▶ _TASK DESCRIPTION_
Take the listing below and print exactly the lines starting at the line containing "정선소방서(서장 우원기)는 2009." and ending at the line containing "Wielkość i szybkość", both ends included, and no others.

▶ _DATA TO PROCESS_
::::::::::

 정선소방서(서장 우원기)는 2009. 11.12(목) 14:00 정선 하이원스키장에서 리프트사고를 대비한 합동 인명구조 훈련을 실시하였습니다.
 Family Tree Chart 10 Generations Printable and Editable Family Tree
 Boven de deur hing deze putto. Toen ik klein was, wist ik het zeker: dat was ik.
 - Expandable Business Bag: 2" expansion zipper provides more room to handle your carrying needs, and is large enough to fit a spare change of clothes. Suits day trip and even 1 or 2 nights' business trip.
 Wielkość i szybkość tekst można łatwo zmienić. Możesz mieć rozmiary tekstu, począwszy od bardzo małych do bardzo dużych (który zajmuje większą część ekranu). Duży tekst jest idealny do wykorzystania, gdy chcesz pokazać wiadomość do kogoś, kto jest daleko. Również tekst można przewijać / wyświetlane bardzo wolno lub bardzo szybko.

::::::::::

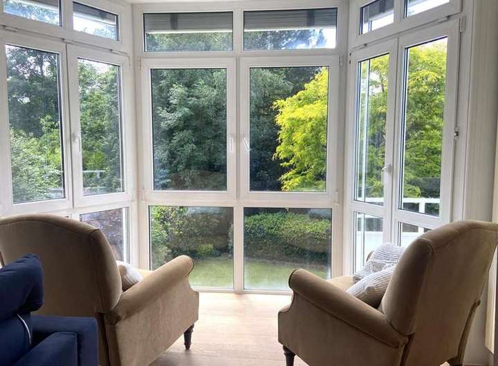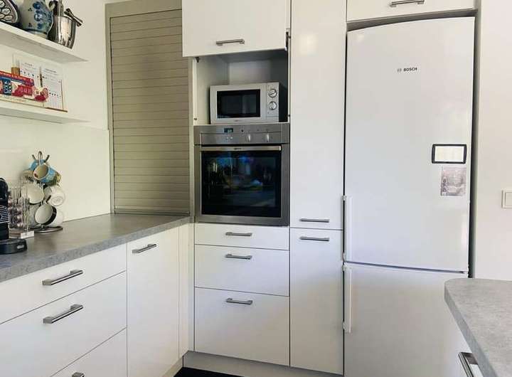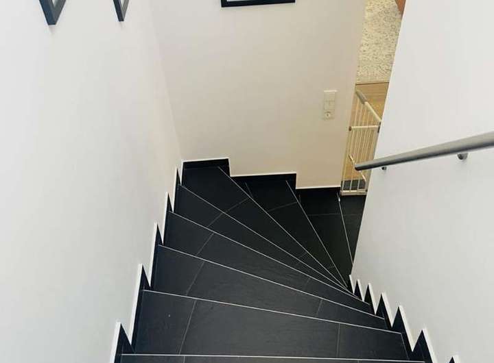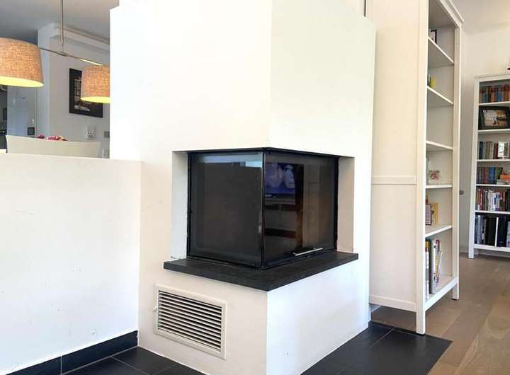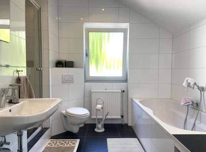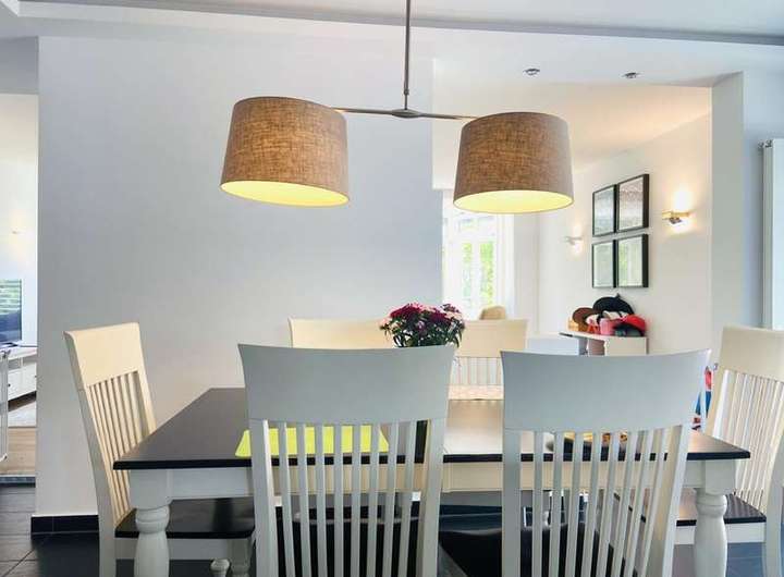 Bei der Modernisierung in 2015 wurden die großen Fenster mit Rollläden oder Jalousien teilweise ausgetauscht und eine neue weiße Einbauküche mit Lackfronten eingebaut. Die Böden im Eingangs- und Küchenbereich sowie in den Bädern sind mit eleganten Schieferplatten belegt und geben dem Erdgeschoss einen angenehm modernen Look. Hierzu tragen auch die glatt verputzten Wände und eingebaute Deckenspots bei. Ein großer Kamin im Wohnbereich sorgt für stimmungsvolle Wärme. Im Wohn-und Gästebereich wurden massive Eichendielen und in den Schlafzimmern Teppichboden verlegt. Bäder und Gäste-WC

::::::::::

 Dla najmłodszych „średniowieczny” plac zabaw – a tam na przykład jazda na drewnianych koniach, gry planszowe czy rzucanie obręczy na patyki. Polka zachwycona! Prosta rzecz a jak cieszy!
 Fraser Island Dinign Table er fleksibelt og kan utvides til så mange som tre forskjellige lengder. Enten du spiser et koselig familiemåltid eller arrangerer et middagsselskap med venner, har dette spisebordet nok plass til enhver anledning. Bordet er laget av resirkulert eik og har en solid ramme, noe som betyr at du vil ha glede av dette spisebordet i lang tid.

::::::::::

▶ _SOLVED PROBLEM_
 정선소방서(서장 우원기)는 2009. 11.12(목) 14:00 정선 하이원스키장에서 리프트사고를 대비한 합동 인명구조 훈련을 실시하였습니다.
 Family Tree Chart 10 Generations Printable and Editable Family Tree
 Boven de deur hing deze putto. Toen ik klein was, wist ik het zeker: dat was ik.
 - Expandable Business Bag: 2" expansion zipper provides more room to handle your carrying needs, and is large enough to fit a spare change of clothes. Suits day trip and even 1 or 2 nights' business trip.
 Wielkość i szybkość tekst można łatwo zmienić. Możesz mieć rozmiary tekstu, począwszy od bardzo małych do bardzo dużych (który zajmuje większą część ekranu). Duży tekst jest idealny do wykorzystania, gdy chcesz pokazać wiadomość do kogoś, kto jest daleko. Również tekst można przewijać / wyświetlane bardzo wolno lub bardzo szybko.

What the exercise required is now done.